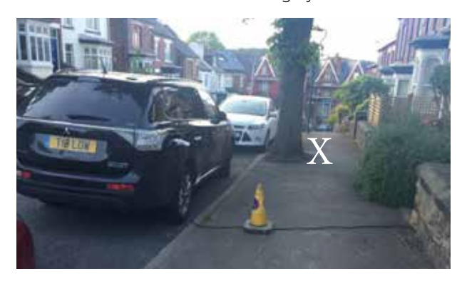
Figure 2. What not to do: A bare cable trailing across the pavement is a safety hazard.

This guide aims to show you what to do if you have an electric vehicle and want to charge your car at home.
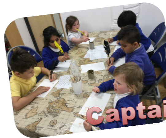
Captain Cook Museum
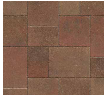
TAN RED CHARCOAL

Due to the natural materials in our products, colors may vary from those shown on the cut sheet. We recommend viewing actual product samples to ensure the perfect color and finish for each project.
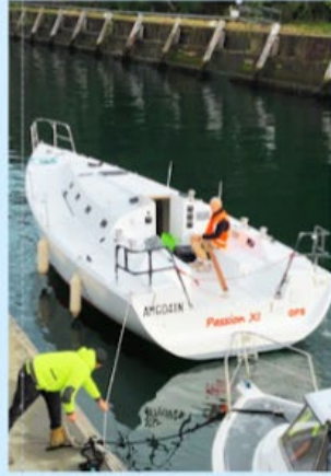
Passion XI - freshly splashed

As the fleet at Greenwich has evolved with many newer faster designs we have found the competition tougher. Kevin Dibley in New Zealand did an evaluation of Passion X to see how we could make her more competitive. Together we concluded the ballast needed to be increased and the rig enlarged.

○ ○ ○

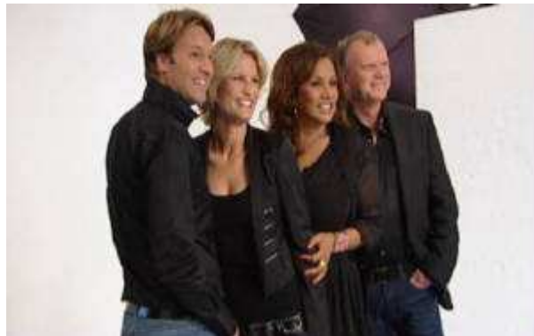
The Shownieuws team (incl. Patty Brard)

○ ○ ○

§ **Work request**:
Only lines with the string "Passion" belong in the answer; copy each of them from the listing.

§ **Result of the exercise**:
Passion XI - freshly splashed
As the fleet at Greenwich has evolved with many newer faster designs we have found the competition tougher. Kevin Dibley in New Zealand did an evaluation of Passion X to see how we could make her more competitive. Together we concluded the ballast needed to be increased and the rig enlarged.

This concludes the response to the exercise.